Les apprenants L2 sont divisés en deux groupes de niveau de compétence (cf. Bartning, 1997, Bartning & Schlyter, 2004). Un groupe contient les apprenants d'un niveau intermédiaire, voire avancé bas (entre B1 et B2 selon le cadre européen commun de référence élaborée par le Conseil de l'Europe, voir l'Annexe IX), et l'autre groupe est constitué d'apprenants avancés et très avancés (entre C1 et C2, selon la même échelle). Certains dans le deuxième groupe pourraient sans doute être qualifiés de quasi-natifs (cf. Bartning, 1997 ; Coppieters, 1987 ; Palmen et al, 1997), vu leur production presque parfaitement conforme à la langue cible, aussi bien au niveau des choix léxicaux et des compétences grammaticales qu'au niveau prosodique. Pour déterminer les niveaux de compétence, nous avons évalué la production des informateurs à partir des enregistrements, en utilisant les traits caractéristiques des variétés avancés proposés par Bartning et Schlyter (1997, 2004). Nous avons également fait passer un test écrit tiré de Dialang (copyright © Dialang Consortium) aux apprenants L2 (un test pour chaque niveau), pour ne pas nous limiter à la production orale. Tout cela en sachant qu'il n'y a

pas un seul niveau avec une seule compétence qui est la même pour tous les membres du groupe (cf. Dörnyei & Skehan, 2003). Dans les Annexes X et XI, nous retrouverons ces tests dans leur intégralité.
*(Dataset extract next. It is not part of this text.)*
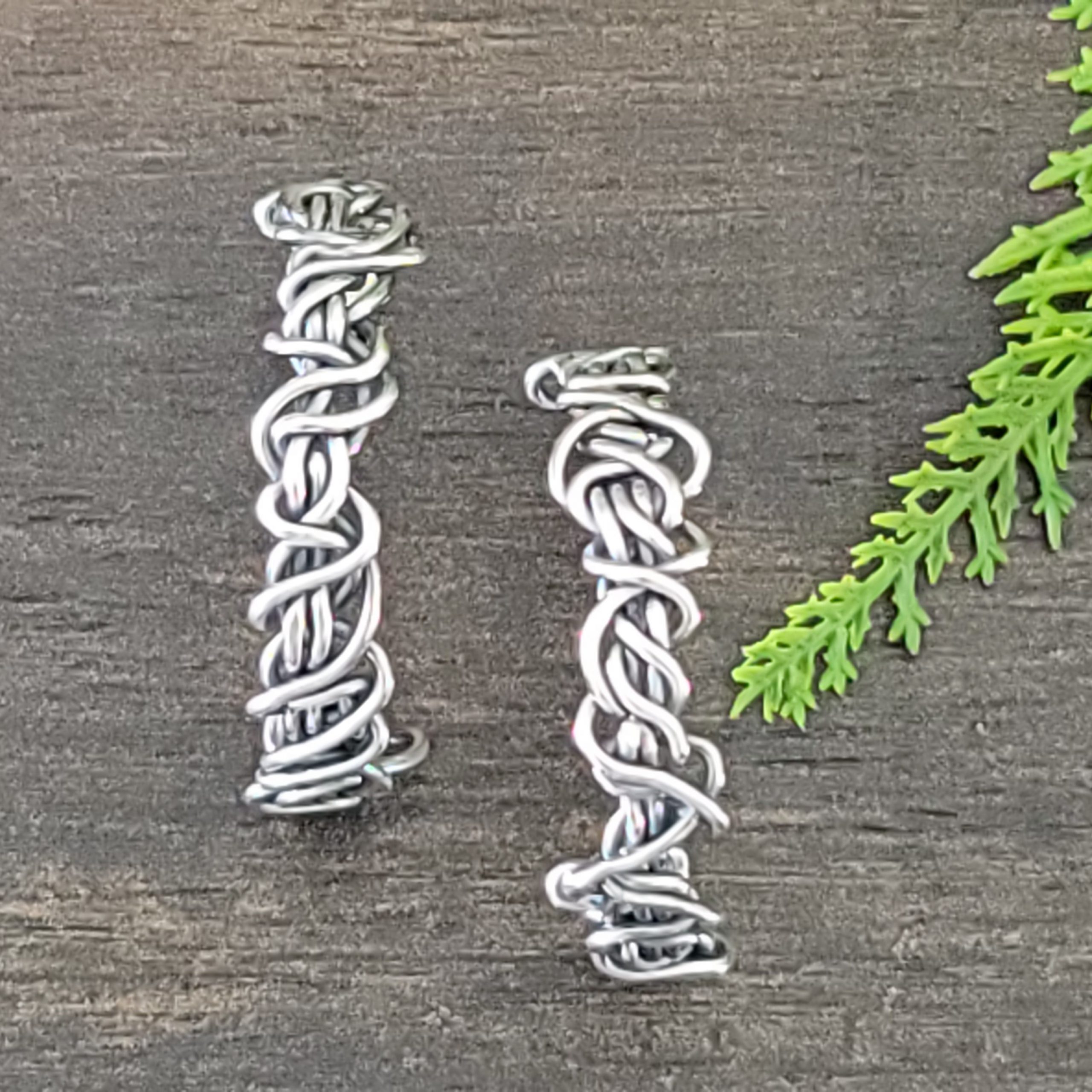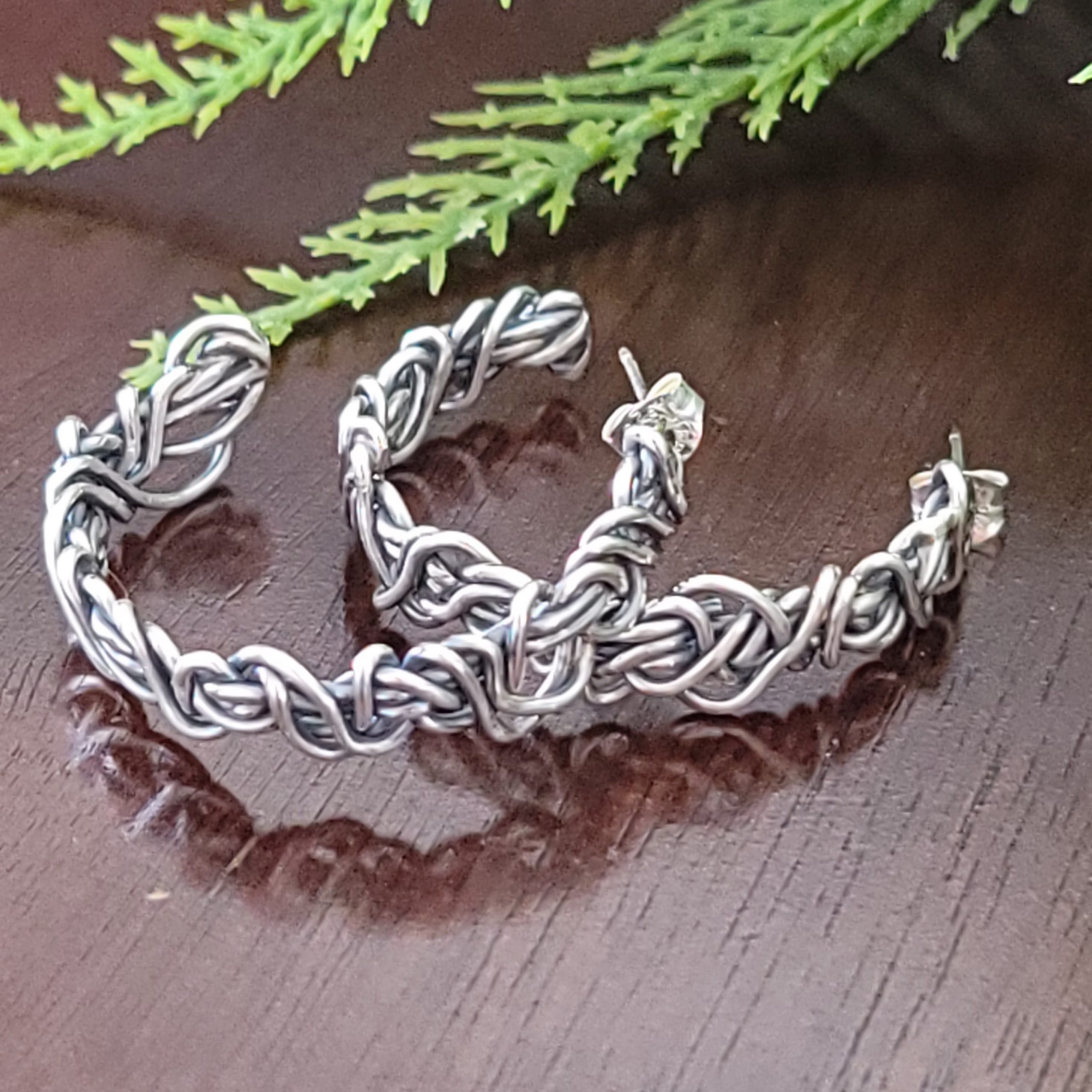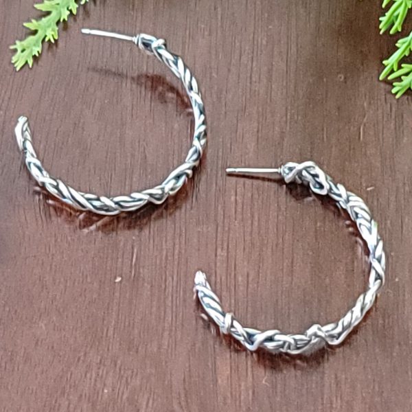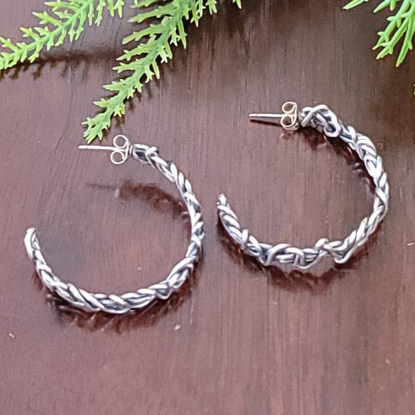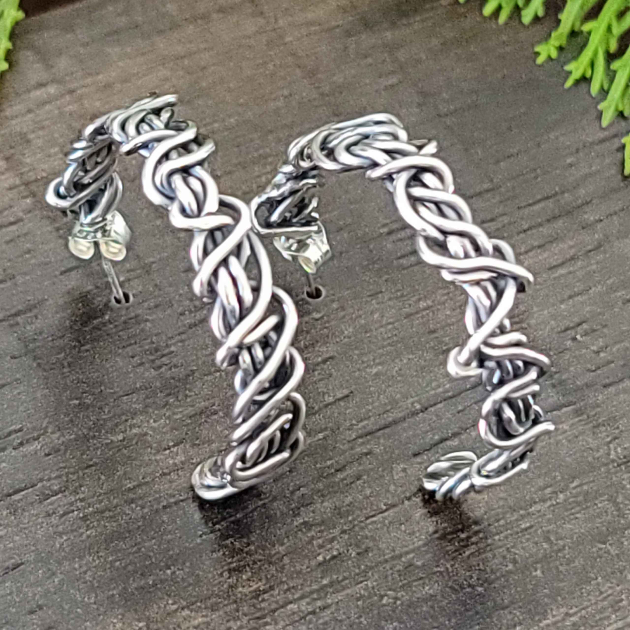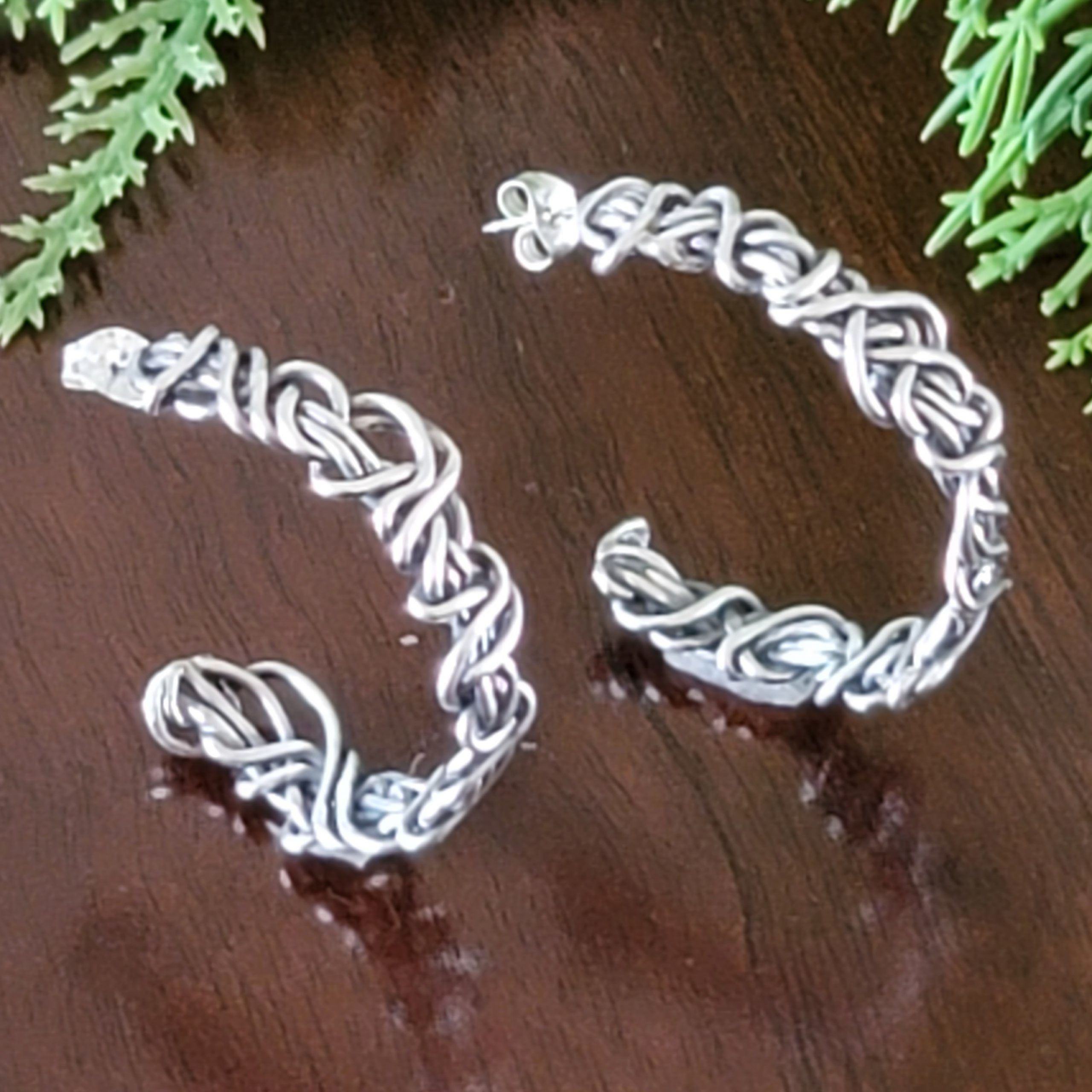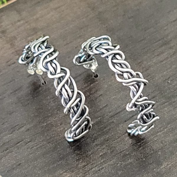 Sterling silver wire creates these earrings. They are oxidized to bring out the detail. They measure approx 1.25″ in diameter and have sterling silver posts and ear nuts. There is no rhyme or reason when I make these earrings. I just twist and bend the metal until I like what I see. Just like when a grapevine grows it twists and bends with no rhyme or reason, hence the name. These are in stock and ready to ship.

Le groupe dorénavant appelé intermédiaire (avec l'abbréviation L2in) est constitué de personnes vivant en France, dont certaines ont déjà fait un séjour en Suède. Elles ont passé au maximum un an dans un autre pays, la Suède incluse. Il est possible d'étudier le suédois dans plusieurs universités en France, mais pour des raisons surtout pratiques et économiques, nous n'avons pas parcouru le pays entier pour trouver des informateurs de ce niveau, mais nous nous sommes limitée aux universités de Lille 3 et de Paris 4. Cela s'est avéré relativement laborieux, car le nombre d'étudiants qui poursuivent leurs études et développent ce niveau de compétence est réduit. Donc, afin de compléter ce groupe, nous avons également fait appel à l'Institut Suédois à Paris, où des cours de soir pour les adultes sont dispensés. Les critères posés (âge, absence de bilinguisme et de séjour long à l'étranger) ont écarté quelques personnes se portant volontaires pour participer à l'étude. En outre, plusieurs personnes conformes aux critères ne voulaient pas en faire partie, possiblement par peur de se sentir jugées. Par conséquent, nous avons manqué d'informateurs et nous avons dû accepter deux personnes dont le niveau de compétence est légèrement au-dessous des autres.

Les informateurs du groupe dorénavant appelé très avancé vivent en Suède depuis au moins deux ans, souvent bien plus. Ils ont tous suivi une instruction formelle de suédois, en France ou en Suède, dont la longueur varie de quelques mois à quelques années. Le critère d'absence de séjour long à l'étranger (hormis la Suède) ne fut pas applicable, car le profil de ces gens est plutôt voyageur, et en excluant ceux qui ont passé du temps dans d'autres pays, nous n'aurions jamais réussi à réunir le nombre requis. De toute façon, les informateurs dans ce groupe maîtrisent tous plusieurs langues, et ils sont nombreux à en utiliser quotidiennement dans leur travail. Selon Malt & Sloman (2003:47), le temps de séjour dans un pays est un meilleur marqueur de la prédiction du niveau de langue d'un apprenant que la longueur d'une formation institutionelle suivie par cet apprenant. Chez les apprenants avancés, le temps de séjour en Suède variait de 2 à 20 ans.